When I looked at the breakdown for the inspection of HMP Coldingley (published in the September 2013 issue) I saw that 71% of prisoners there felt that staff treated them with respect, whilst 31% felt that staff victimised them. But with that coming to a total of 102% there were only two possible explanations. Either 2% of prisoners felt both respected and victimised at the same time, which I thought was very unlikely, or the published statistics were wrong for some reason.

After looking at details of other establishment inspections in future issues, I found that the combined percentage total of prisoners who felt respected and prisoners who felt victimised came to over one hundred in approximately six out of ten inspections. That is far too many to be merely a printing error on the part of Inside Time.
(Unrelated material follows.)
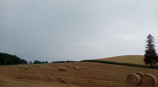 先週より秋撒き小麦の収穫が始まり、夏の風物詩「麦わらロール」が美瑛の丘に現れました。コロコロと転がっている様子はとても可愛らしいですが、重さは一つ300㎏以上!大変危険ですので、くれぐれも畑には立ち入らないよう、ご見学の際は必ず舗装された道……
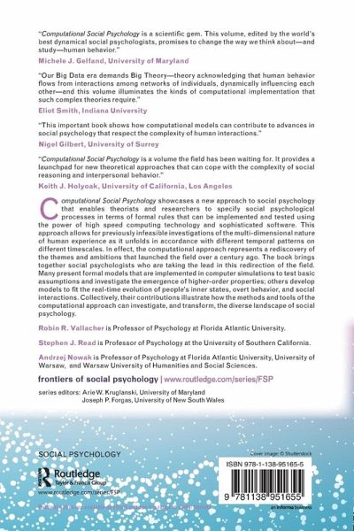 Preface. Overview. 1. Rethinking Human Experience: The Promise of Computational Social Psychology Robin R. Vallacher, Andrzej Nowak, and Stephen J. Read I. Intrapersonal Dynamics 2. Virtual Personalities: A Neural Network Model of the Structure and Dynamics of Personality Stephen J. Read, Vita Droutman, and Lynn C. Miller 3. Using Connectionist Models to Capture the Distinctive Psychological Structure of Impression Formation Brian M. Monroe, Tei Laine, Swati Gupta, and Ilya Farber 4. The Whole Elephant: Toward Psychological Integration of the Individual as a Complex System Jennifer Rose Talevich 5. Computational Modeling of Health Behavior Mark G. Orr and Daniel Chen II. Interpersonal Dynamics 6. Interaction Dominant Dynamics, Timescale Enslavement, and the Emergence of Social Behavior Brian A. Eiler, Rachel W. Kallen, and Michael J. Richardson 7. Computational Temporal Interpersonal Emotion Systems Emily A. Butler, Jinyan Guan, Andrew Predoehl, Ernesto Brau, Kyle Simek, and Kobus Barnard 8. Mapping Co-Regulation in Social Relations through Exploratory Topology Analysis Jonathan E. Butner, Arwen A. Behrends, and Brian R. Baucom 9. Dynamics of Synchrony and Joint Action Kerry L. Marsh 10. From Interaction to Synchronization in Social Relations Robin R. Vallacher and Andrzej Nowak III. Collective Dynamics 11. Simulating the Social Networks in Human Goal Striving James D. Westaby and DaHee Shon 12. Computational Models of Social Influence and Collective Behavior Robert J. MacCoun 13. Modeling Cultural Dynamics Yoshihisa Kashima, Michael Kirley, Alexander Stivala, and Garry Robins 14. Models Are Stupid, and We Need More of Them Paul E. Smaldino 15. Big Data in Psychological Research David Serfass, Andrzej Nowak, and Ryne Sherman 16. The Future of Computational Social Psychology Andrzej Nowak and Robin R. Vallacher

I then decided to dig a little deeper. I focused on closed, adult, male prisons since open prisons, female prisons, juvenile establishments, and immigration removal centres are all outlying anomalies, and I compiled all of the statistics for such prisons reported in Inside Time in 2014. I found that, on average, 73% of prisoners felt staff treated them with respect, whilst 33% of prisoners felt that they had been victimised by staff, throwing up an average discrepancy of 6%!

And then I remembered something. Some months ago here at HMP Wakefield, the Governor published a notice to prisoners to publicise the pleasing news that the inspectors had found that 85% of prisoners felt that staff treated them with respect here. What he didn’t mention was how many prisoners felt victimised and, as luck would have it, Inside Time published this figure in December 2014, the final month I had used for my statistical analysis. So I looked it up.

85% of prisoners did indeed feel respected, but a total of 52% of prisoners felt victimised by staff too! After looking at as many back copies of Inside Time as I could get hold of, I found that HMP Wakefield had the highest such rating of victimisation of any establishment, of any type, reported on since September 2013 (and possibly beyond). Furthermore, with a combined percentage total of 137%, it also had the highest level of statistical discrepancy at 37% above what one would expect and 31% over the average discrepancy for like prisons during the same year.

It is impossible to say for sure what the basis of such a discrepancy is without interviewing the prisoners used as the sample group, but 85% of people saying they feel respected pales into insignificance for me if over half of the general population also report being victimised and I have to wonder why the inspectorate has not commented on this inconsistency. Unless of course they believe that at least 37% of prisoners here at Wakefield are victimised respectfully.